Но разве дозволено царям болеть?

Нет.

Вот и позволил поднять себя. Отереть водой заговоренной, травяными отварами, которые приглушили запах тела. Обрядить в рубахи тонкие полотняные. Обвесить низками амулетов, а после и в одежу золотую заковать, которая жестка, что панцирь.

И держит.

Только и надобно, что сидеть с видом прегорделивым. А остальное уж она сама…

- …и да продлится царствие твое на годы… - сказал Арей.

Царица усмехнулась.

- Разогни шею, боярин, - сказала она и рученьку подала, небывалая милость. Не для того, чтоб разогнуться мог, но затем, чтобы поцеловал, как сие за границею водится.

Бела рученька.

Драгоценной нитью обвита.

На пальцах перстни-перстенечки сияют, переливаются радугой. И в каждом сила своя сокрыта.

- Рада, что случилось нам ныне поступить, как сие велят Правда и совесть, - голос царицы нежный над двором звучал и так, что распоследняя ворона слово каждое слышала. – И жаль лишь, что опоздали мы… уж не держи зла, боярин.

Усмехнулась уголками губ, мол, если и держишь, то при себе, сделай уж милость и без того зла в палатах царских не счесть.

- И я рад, матушка, - Арей ручку отпустил.

А глаза ее видели, что лжет.
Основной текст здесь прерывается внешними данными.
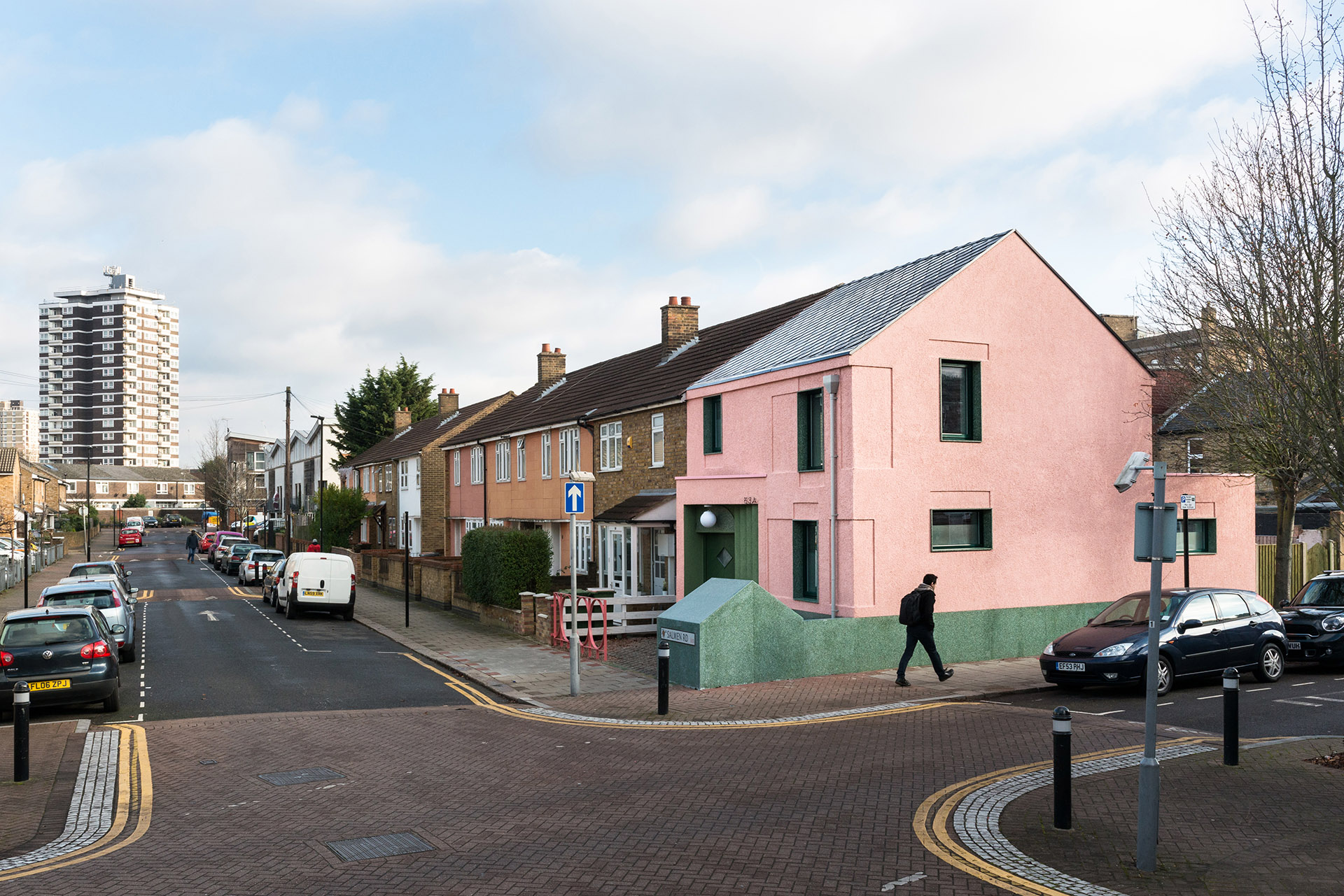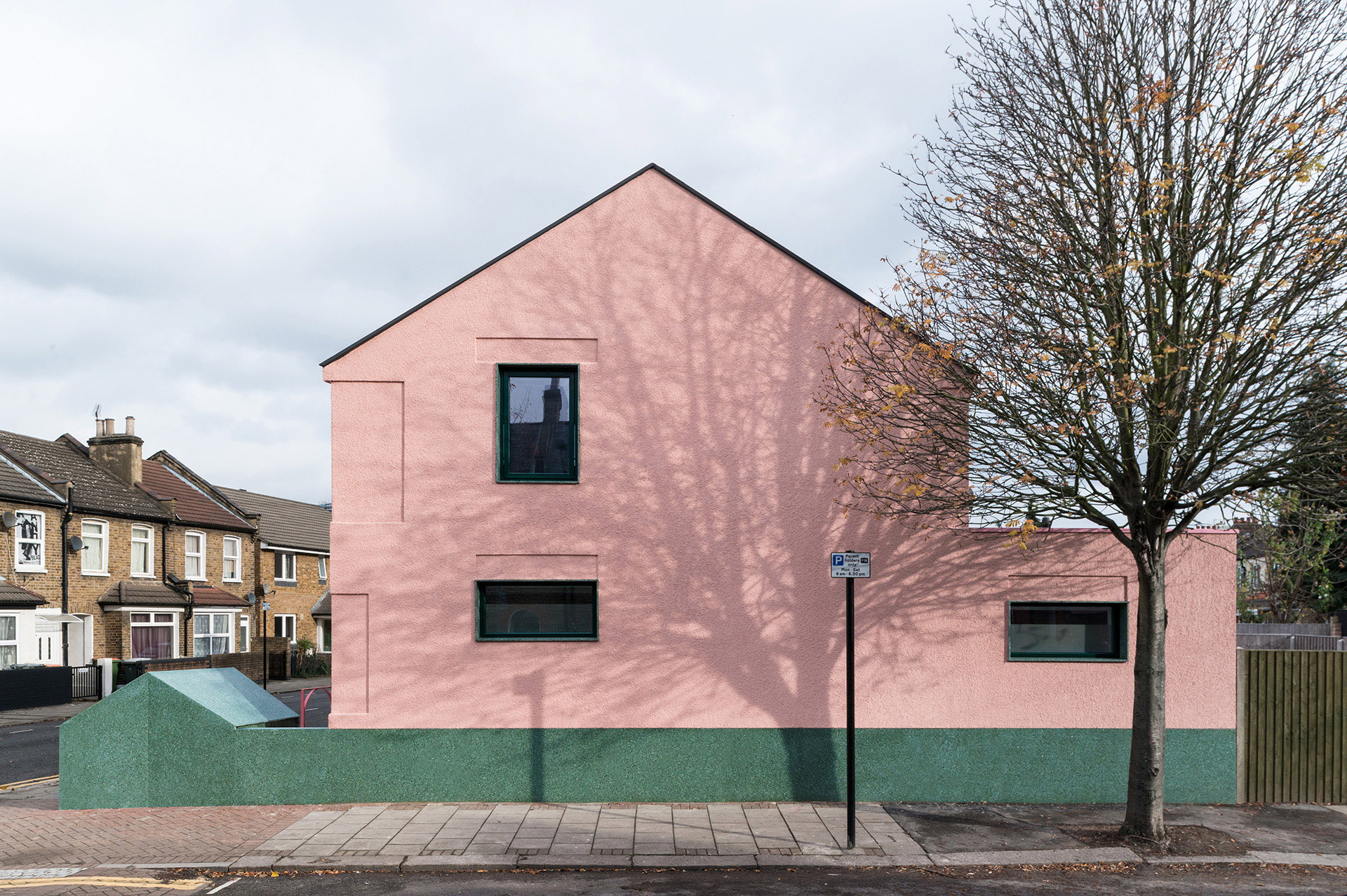 This new build-to-rent house, with textured render and terrazzo details, contains generous vertical spaces on a constrained corner site. Bookending a mid-century terrace in Plaistow this three bed, three bath house makes effective use of a tight corner plot. Salmen House was designed by the architects Office S&M to be built and let by professional landlord My Property & Home, who had purchased an end of terrace garden suitable for a two-storey infill house. Though rented, the house is designed as a unique home, so that tenants feel ownership of the property. The acute angle of the corner site is celebrated throughout the design, in both plan and section, to give spaces that accentuate their volume, while disguising their efficient footprint. Each space has natural light and views from two directions, and views from, into, and through these corners create multiple outlooks within each room. The horizontal circulation is one continuous view from the cranked front door through to the rear garden, while the staircase opens into a generous triple height space that pulls your gaze upwards. This generosity has not come at a price. The house was built for £205,000 and to a lasting specification. While clearly opposing the New London Vernacular, the solid wall construction with a single skin of blockwork meant that the superstructure was erected rapidly, and the entire project took just over six months to complete. By working closely with the structural engineer to take structure away, rather than adding it in, space was maximised to create four-meter-tall bedrooms, exposed beam ceilings, and a triple height staircase.
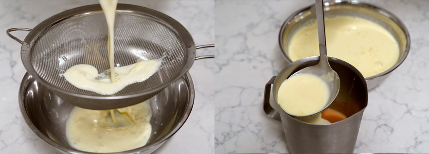 크리미하게 잘 섞인 내용물을 곱게 체에 걸러준 후, 먼저 푸딩의 머리를 작업해둔 틀에!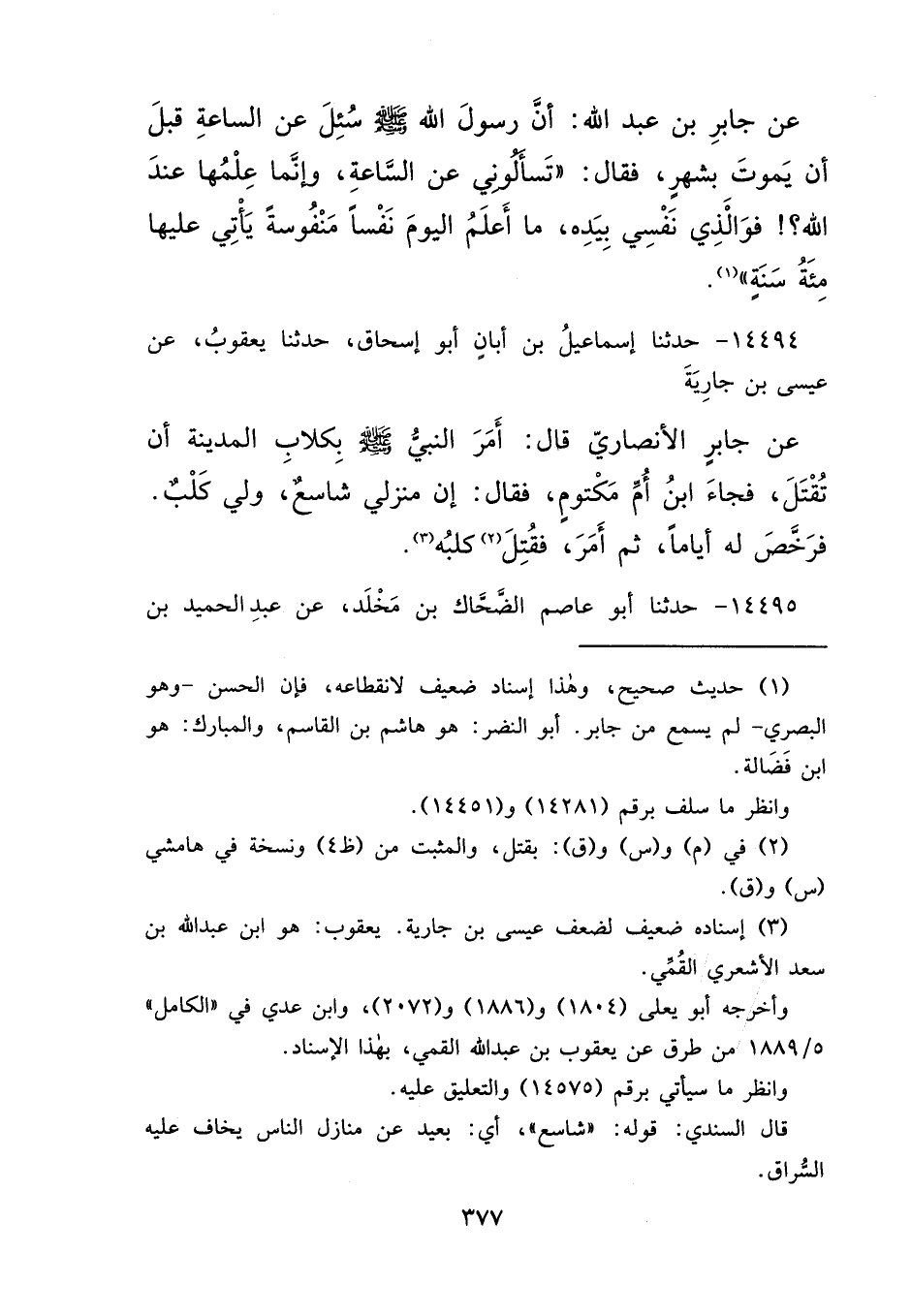 ١٤٤٩٤ - حَدَّثَنَا إِسْمَاعِيلُ بْنُ أَبَانَ أَبُو إِسْحَاقَ، حَدَّثَنَا يَعْقُوبُ، عَنْ عِيسَى بْنِ جَارِيَةَ، عَنْ جَابِرٍ الْأَنْصَارِيِّ، قَالَ: " أَمَرَ النَّبِيُّ صَلَّى اللهُ عَلَيْهِ وَسَلَّمَ بِكِلَابِ الْمَدِينَةِ أَنْ تُقْتَلَ، فَجَاءَ ابْنُ أُمِّ مَكْتُومٍ، فَقَالَ: إِنَّ مَنْزِلِي شَاسِعٌ، وَلِي كَلْبٌ، فَرَخَّصَ لَهُ أَيَّامًا، ثُمَّ أَمَرَ فَقُتِلَ (٢) كَلْبِهِ " (٣)

Он и не собирался скрываться, притворяться, будто бы рад этой милости. Исполнит, что велено, но и буде…

- Вот и чудесно. Все мы ныне рады…

Насмешничает.

Вона, бояре стоят, шелохнуться не могут, не иначе как от буйное радости, от которой того и гляди лопнут.

- Не прервется древний род… отец твой верой и правдой царю служил. И ты послужишь. Готов ли ты, боярин, присягнуть своему царю и земле?

Арей преклонил колени.

И принял жертвенный клинок, который поднесли на серебряном блюде, на шелковом покрывале. Старое железо, еще из болотной руды вареное, заклято давно, но чары не истончились. И значит, на крови его заговаривали, не иначе.
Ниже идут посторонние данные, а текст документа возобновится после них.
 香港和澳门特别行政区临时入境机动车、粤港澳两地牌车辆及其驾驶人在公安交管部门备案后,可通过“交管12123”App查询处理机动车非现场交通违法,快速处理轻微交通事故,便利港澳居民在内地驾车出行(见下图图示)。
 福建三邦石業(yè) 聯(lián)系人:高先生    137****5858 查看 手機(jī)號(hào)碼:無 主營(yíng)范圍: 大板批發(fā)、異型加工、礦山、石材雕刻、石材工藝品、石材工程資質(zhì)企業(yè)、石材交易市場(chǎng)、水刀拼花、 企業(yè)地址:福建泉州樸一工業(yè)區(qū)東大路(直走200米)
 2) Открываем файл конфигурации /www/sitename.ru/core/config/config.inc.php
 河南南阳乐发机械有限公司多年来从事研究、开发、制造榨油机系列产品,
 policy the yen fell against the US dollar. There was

Клинок скользнул по запястью.

И кровь полилась в подставленную чашу, наполнила ее до половины.

- Я… клянусь… - слова слетали легко, даром что ли повторял Арей эту присягу не раз и не два, хотя и давно, когда еще мечтал стать равным.

- …служить, не щадя живота своего, земле Росской…

Стал.

Камень, кровью омытый, нагрелся, засиял белым светом, и значит, была клятва сия принесена от чистого сердца.

Земле Росской… и тому, кто землю сию бережет. Царю стало быть. А ведь про него, желтоглазого, едва живого, в клятве ни словечка.

Но разрезанное запястье Арей перехватил платком шелковым. Оно-то само затянется, однако не след нарушать обычай. И так во все глаза глядят.

И набираются спокойной лютой ненависти.

А где же… вон стоит Ксении Микитичны батюшка, еще крепкий старик. Его и стариком-то назвать язык не поворачивается. Высок. И шапка бобровая, перетянутая атласною лентой, делает его еще выше. Шуба на плечах соболиная, с подбоем. Борода рыжа, без седины… и посох с навершием алого камня на дубину похож. Он бы эту дубину аккурат на голову Арееву и опустил.